In most cases, a category query which includes the folder name will find the documents in that folder. However, you can also explicitly request documents in a named folder by using a schema qualified query. The AddNamedFolder function lets you retrieve all documents in a specified folder belonging to a user with the specified email address:
q = gdata.docs.service.DocumentQuery() q.AddNamedFolder(email, folder_name)
This style of query is useful when a folder name conflicts with a category that has a different meaning, such as "starred". For example, to query for all the documents in the "starred" folder belonging to user "jo@gmail.com", you could use the function as follows:
q = gdata.docs.service.DocumentQuery()
q.AddNamedFolder('jo@gmail.com', 'starred')
feed = self.gd_client.Query(q.ToUri())
PrintFeed(feed)
The important distinction here is if you had simply appended the category of "starred" you would get back a list of all starred documents, not the documents in the folder named "starred".

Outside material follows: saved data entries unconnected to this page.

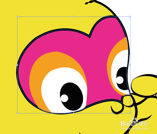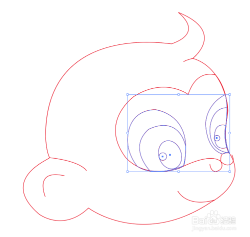 6、用紫色、土黄色、黑、白分别填充猴子的眼睛,效果如图。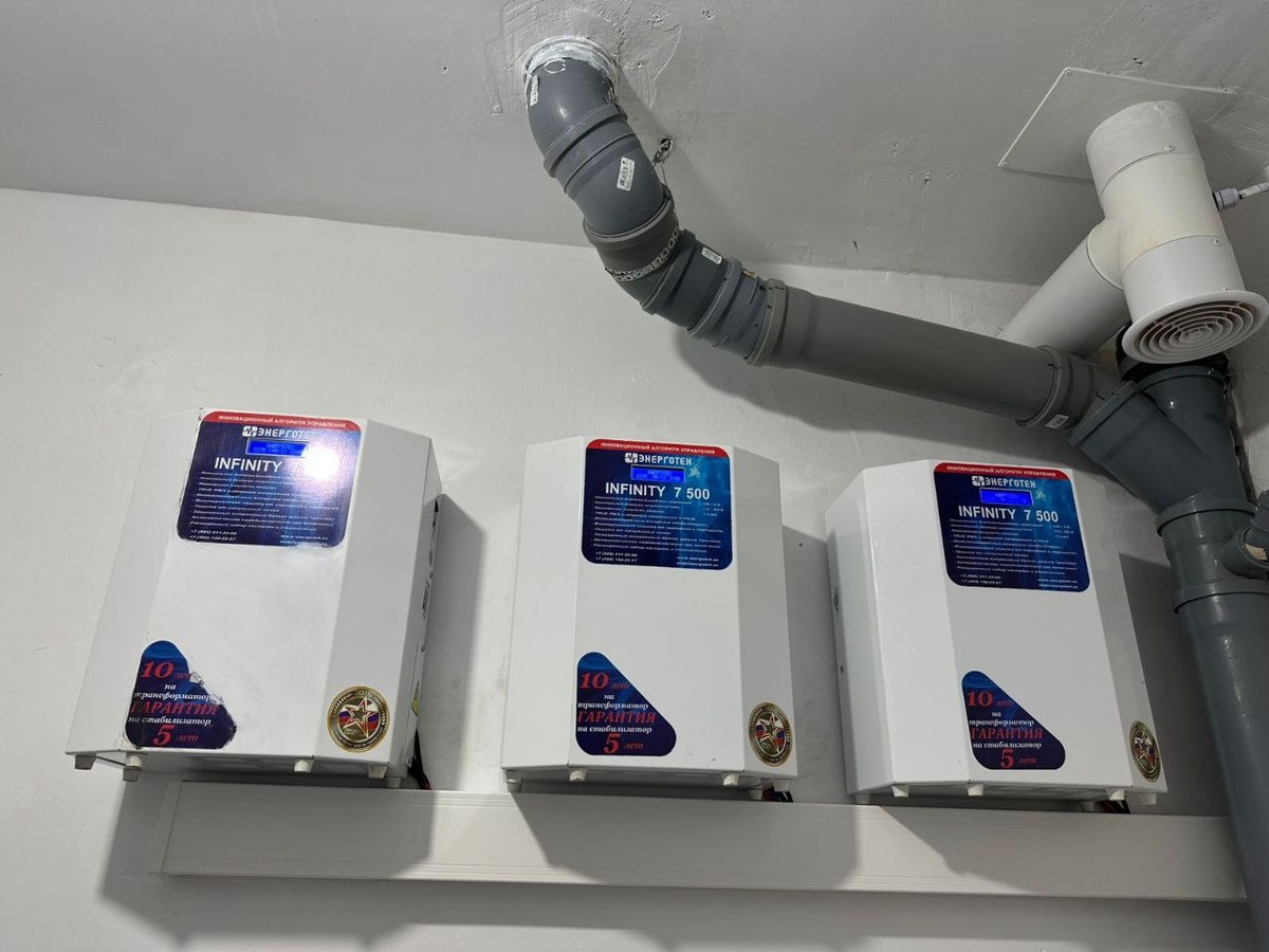 На стандартный ввод 15 кВт ставится 3 стабилизатора. Буду писать цену сразу за комплект из 3 штук. 💩Релейные - около 65-70 тысяч. 🗿электромеханические 100-105 тысяч 😍тиристорные - 145-150 с шагом переключения 16-18В и 170-175 тысяч с шагом переключения 6-7В. 🤔инверторные - 175 тысяч. Точность около 3В (самая высокая), но есть и минусы: пылесборник, счета за электричество на 4% больше. Монтажные работы обычно выходят в 22.000-35.000 с материалами. Для точного обсчёта надо хотя бы фотографии места установки, а в идеале выезд на место установки Иногда ставить стабы вообще бесполезно или даже вредно. Всё ещё сомневаетесь? Обращайтесь к специалистам: 8904-381-42-16 Дмитрий 8950-191-67-23 Михаил 8908-903-85-36 Владимир Компания Гарант-Энерго.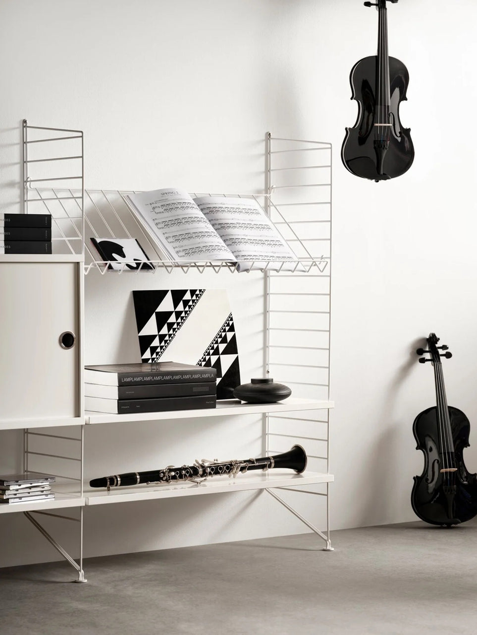 String System is a series of components featuring wire panels that offer almost unlimited combinations. The system is a multi-award winning design which has now become a design classic.

You can search the contents of documents by using the text_query property of the DocumentQuery object.
q = gdata.docs.service.DocumentQuery() q.text_query = 'test' feed = gd_client.Query(q.ToUri()) PrintFeed(feed)
This searches the entire contents of every document for the string "test" and returns all documents where this string is found. This is different than searching just the title of every document, which can be done as described in the section Retrieving a document by an exact title match.